I was a reader for The Paris Review circa 2007, and it was one of the first big disillusioning experiences of my life as a writer. I was wrapping up an MFA, but others reading submissions included college interns and the (I believe) high school aged son of a famous writer. We had a stack of shame for particularly bonkers submissions, and I remember one of the interns trying to add a story to the stack that was clearly operating in a parodic, absurdist, Barthelme-inspired mode but which she insisted on taking entirely literally, despite the rest of us trying to dissuade her. Probably others in the stack had been the victims of similar point-missing.
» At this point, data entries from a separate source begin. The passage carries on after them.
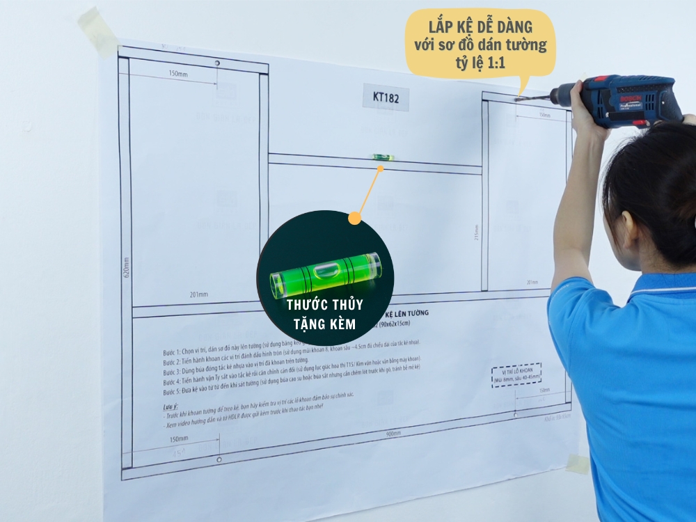 *Lắp ráp* - Bộ sản phẩm được đóng gói dạng rời gồm các tấm gỗ được dán nhãn và đánh số kèm theo sơ đồ lắp ráp, đầy đủ phụ kiện, video. Việc treo kệ
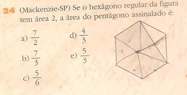 J Hugo escreveu:Se o hexágono regular da figura tem área 2, a área do pentágono assinalado é
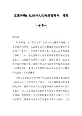 党课讲稿:弘扬伟大抗美援朝精神,增强斗争勇气.docx
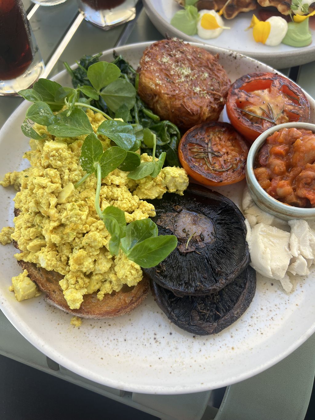 Awesome full vegan breakfast - hash brown, home cooked beans, mushroom, spinach, scrambled tofu on toast, roasted baby tomatoes, with vegan tofu. A few other options but I have had this both times. Served all day.
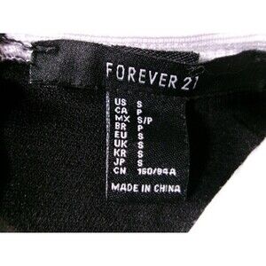 Pre-owned in excellent condition with no visible flaws. Black fit-and-flare dress with contrasting white Peter Pan collar and back zipper; tag reads Forever 21 and fabric is 94% polyester, 6% spandex. See photos for close-up of collar, label, and condition; infer to photos for accurate sizes.
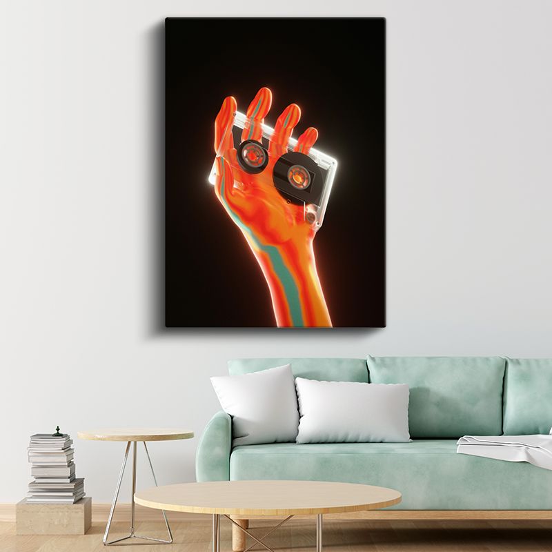 Dijital Nostalji - Neon Renkli El ve Kaset Vektörel Kanvas Tablo
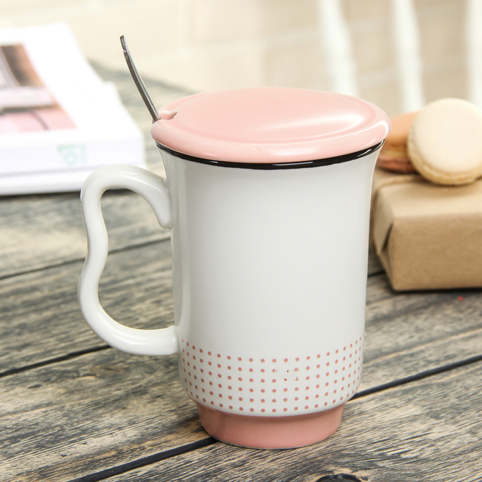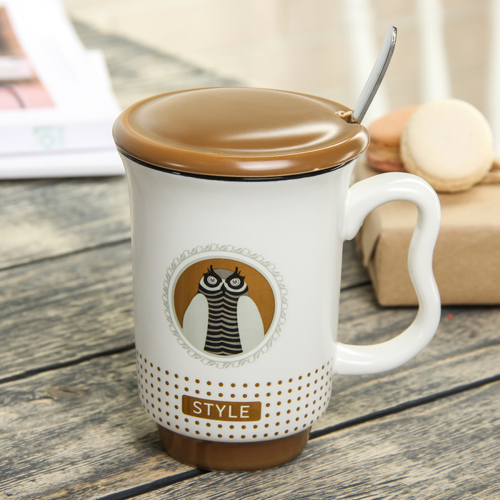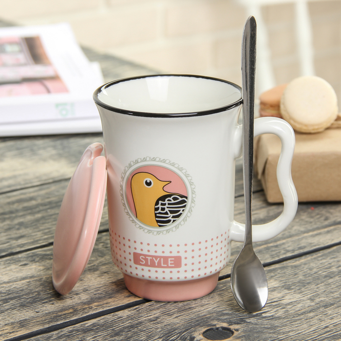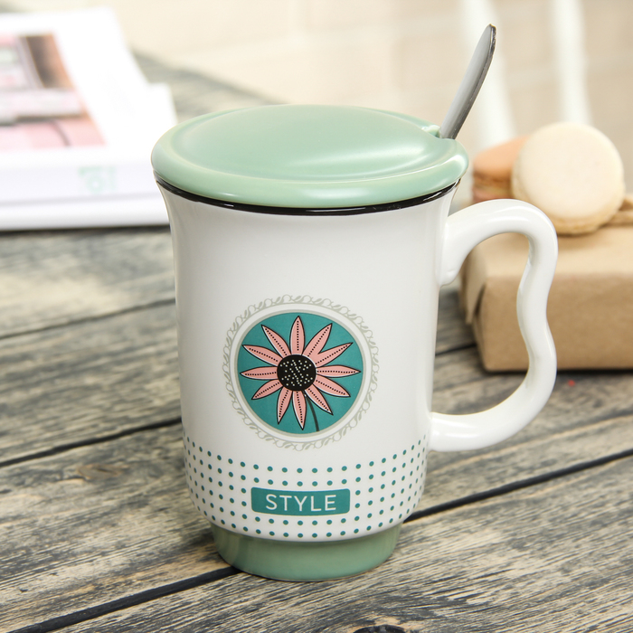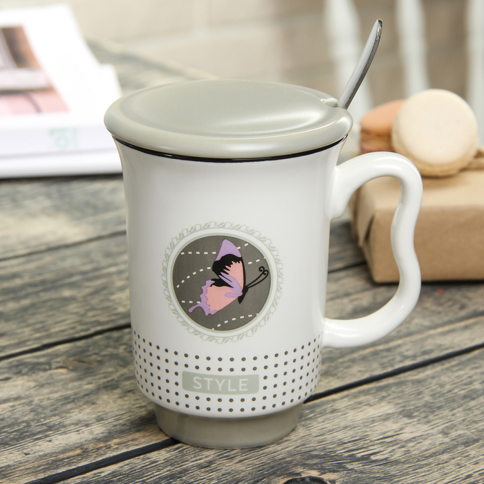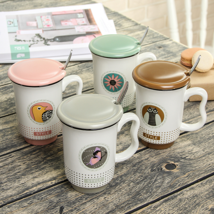 Кружка 400 мл "Стиль", с керамической крышкой и ложкой, цвета МИКС
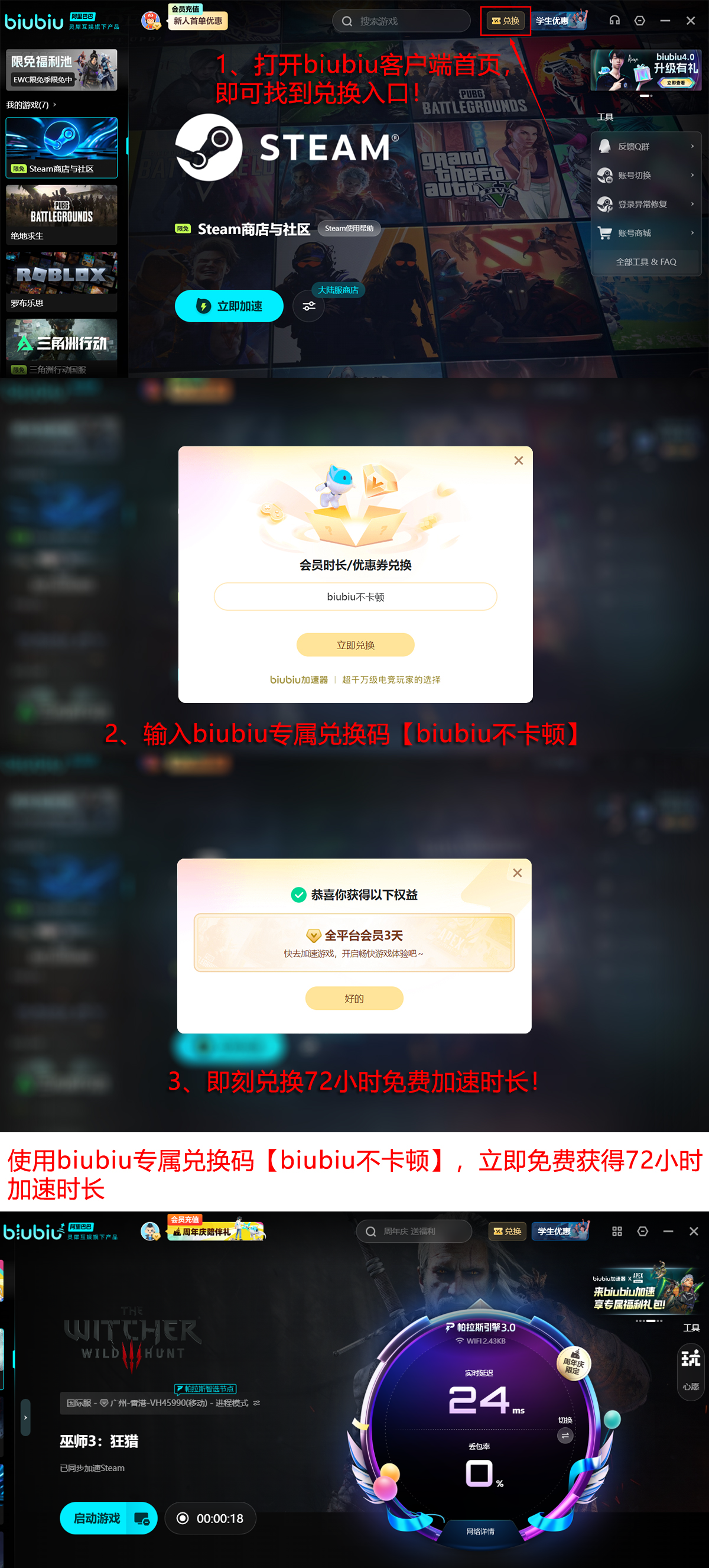 新用户注册后可立即领取24小时全节点免费加速权限。此外,输入通用兑换码【biubiu不卡顿】,无论新老账户均可额外激活3日连续加速服务。综合计算,首次使用用户最高可享累计96小时无中断网络优化支持,覆盖主线全流程推进所需时长。

However, the worst thing about the task was what you mention here: nothing made it out of the slush. For six months, likely longer, I sat for my weekly hours on that couch, reading story after story; sometimes favorites from the usual slush readers would make the rounds to higher-ups. But the tacit understanding was that the most an unknown could hope for was an invitation to resubmit. It struck me as an exercise in futility for all of us. From The Paris Review's perspective, the stakes were low -- no story existed out there in submission-land that could benefit the journal in a real way. And from the writer's perspective the chances were abysmal. I've always been more of an novelist but my attitude at that point changed from "I need to work on some shorter pieces so I have things to send out" to "The only way to win is not to play."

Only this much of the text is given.